VII ENCUENTRO DE REDES CRISTIANAS
23 y 24 de octubre de 2021

 

Enviado a la página web de Redes Cristianas

sinodo5¡Cuánto tendría que mirar la Iglesia cómo funciona y vive su fe esta comunidad para llevar a cabo los cambios que nuestra Iglesia necesita! (Redacción de RRCC)

1ª parte: NUESTRA EXPERIENCIA COMUNITARIA: Qué Iglesia vivimos.
Presentación.
La comunidad cristiana de Benicalap-Ciudad Fallera (en Valencia) somos una
pequeña comunidad de base, formada por una quincena de personas adultas.
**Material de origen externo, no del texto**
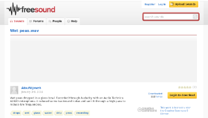 Wet peas dropped in a glass bowl. Recorded through Audacity with an Audio Technica A2020 microphone. I reduced some backround noise and sent it through a high pass to reduce low frequencies.
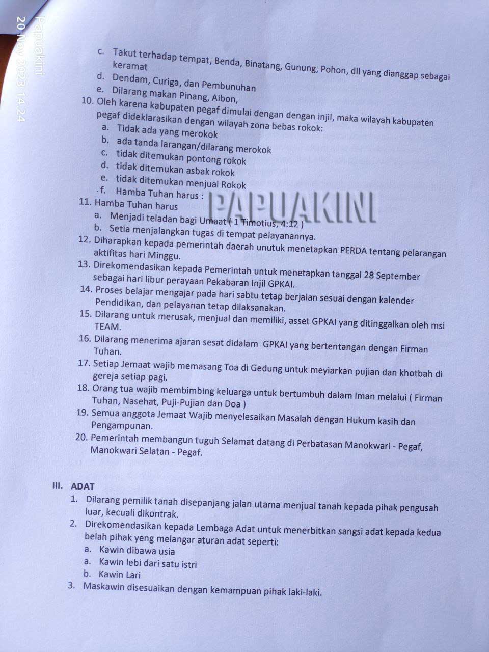 Ini 89 Butir Deklarasi Pemerintah, Gereja, dan Adat Kabupaten Pegunungan Arfak

El nombre
procede del barrio donde se ubica la mayoría de los miembros, un barrio popular en la
periferia urbana y de población en gran parte inmigrante.

El origen se remonta a los aires renovadores del Concilio Vaticano II, en
concreto al movimiento de renovación popular que se dio en algunas congregaciones
religiosas, iniciando pequeñas comunidades insertas en barrios y ambientes obreros y
populares. En torno a ese núcleo se fue aglutinando un grupo de personas con
inquietudes religiosas de renovación y compromiso, que dio origen a nuestra comunidad
en torno al año 1973.

Somos una comunidad doméstica en el sentido más literal de que nos reunimos
en nuestras casas, sin vinculación parroquial ni pertenencia institucional. Nos reunimos
semanalmente haciendo rotación por nuestras casas, y alternando las reuniones de
celebración eucarística con otras de formación y reflexión sobre temas elegidos
comunitariamente, y otras de comunicación personal o dinámicas grupales.
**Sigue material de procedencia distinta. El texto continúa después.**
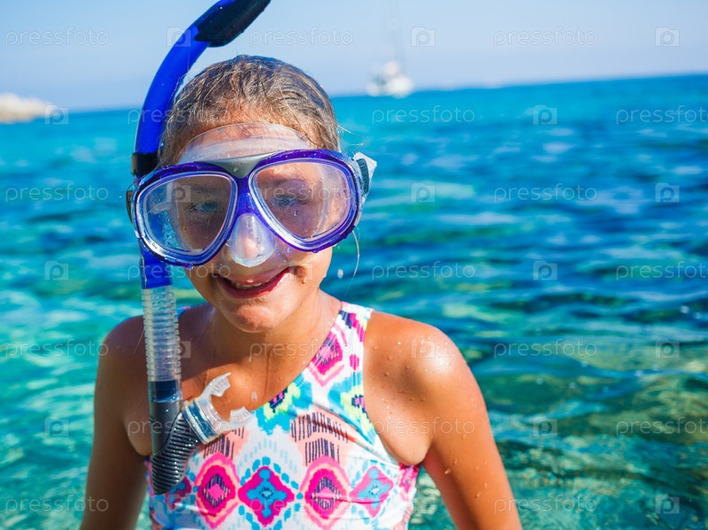 Девочка занимается подводным плаванием

Cada año elegimos un pequeño grupo coordinador que hace el seguimiento de la
agenda comunitaria. Otros grupos, con la participación de todas las personas, preparan
las celebraciones; y otros grupos o personas se encargan de preparar los temas
propuestos a principio de curso. Solemos hacer dos retiros en los tiempos de Adviento y Cuaresma, y celebramos especialmente la Navidad con una comida con nuestros hijos e
hijas y familiares más cercanos. Muy importante es también la celebración del Triduo
Pascual que solemos hacer conviviendo en una casa en el monte con otra comunidad de
Puerto de Sagunto y con otras personas que participan.
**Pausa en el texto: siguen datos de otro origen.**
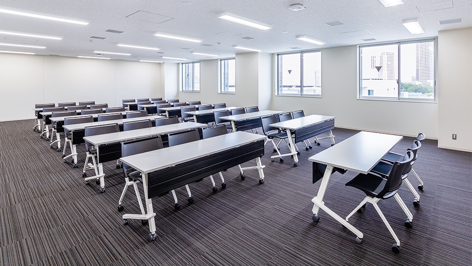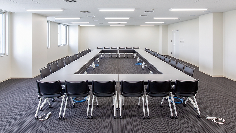 会議室には移動・収納性に優れたテーブル・イスが採用されており、多目的に活用することができます。

Son celebraciones cuidadosamente preparadas y muy creativas y participadas. No descuidamos el aspecto lúdico promoviendo excursiones de senderismo o culturales, cenas informales y otras actividades.
Como comunidad estamos en coordinación con otras comunidades (CCP) a nivel
local y participamos en los encuentros y asambleas del colectivo. Más ampliamente
participamos en los encuentros estatales de CCP y en la red local Xarxa Cristiana y a
nivel estatal Redes Cristianas, con otros colectivos eclesiales afines y en los
movimientos sociales con los que más sintonizamos. Tanto CCP como Redes Cristianas
están a su vez coordinadas a nivel europeo y mundial.

Nuestra comunidad se inició en los años 70, hace ya casi 50 años, y desde
entonces hemos mantenido una evolución de búsqueda, de libertad y de madurez en
nuestros planteamientos y opciones. Han participado muchas personas pero siempre se
ha mantenido un núcleo estable en torno a las quince- veinte personas, sin contar
nuestros hijos e hijas, que aunque les hemos ido transmitiendo nuestra forma de vida y
fe, han seguido otros derroteros aunque sigue habiendo buena relación y participan en
algún encuentro.

Algunas características.
Nuestra comunidad, siempre en camino, queremos ser y somos (siquiera mediocremente):
-una comunidad “doméstica”, como hemos explicado. La acogida en cada casa
hace de la reunión un encuentro cálido, familiar, cercano. Solemos culminar nuestras
reuniones con una cena informal, que prepara cada casa y que se suele prolongar en una
tertulia amistosa, alegre y distendida. Tenemos en cuenta los cumpleaños, aniversarios y otros motivos de celebración que nos hacen sentirnos como una gran familia, tanto si no más que las propias familias de sangre. La fraternidad-sororidad comunitaria es una experiencia de parentesco espiritual que se muestra en las relaciones más allá de la reunión.

La comunidad no es sólo cuando se reúne, aunque la reunión la expresa.
-Una comunidad igualitaria. En nuestra comunidad hemos ido creciendo en
igualdad, de tal modo que nadie se sienta ser más ni ser menos que nadie. Igualdad que
no es uniformidad, pues la diversidad es una riqueza grande por los carismas que se
aportan a la comunidad y que solemos reconocer y expresar. La igualdad entre hombres
y mujeres se ha ido consiguiendo en gran parte por el feminismo de las mujeres que ha
ido ayudando a su vez a superar los machismos latentes o micromachismos en los
hombres, que aun habiendo voluntad de igualdad siempre quedan “ramalazos” de la
educación y el ambiente social. En nuestra comunidad podemos decir que las mujeres
no sólo han sobresalido en participación sino en protagonismo.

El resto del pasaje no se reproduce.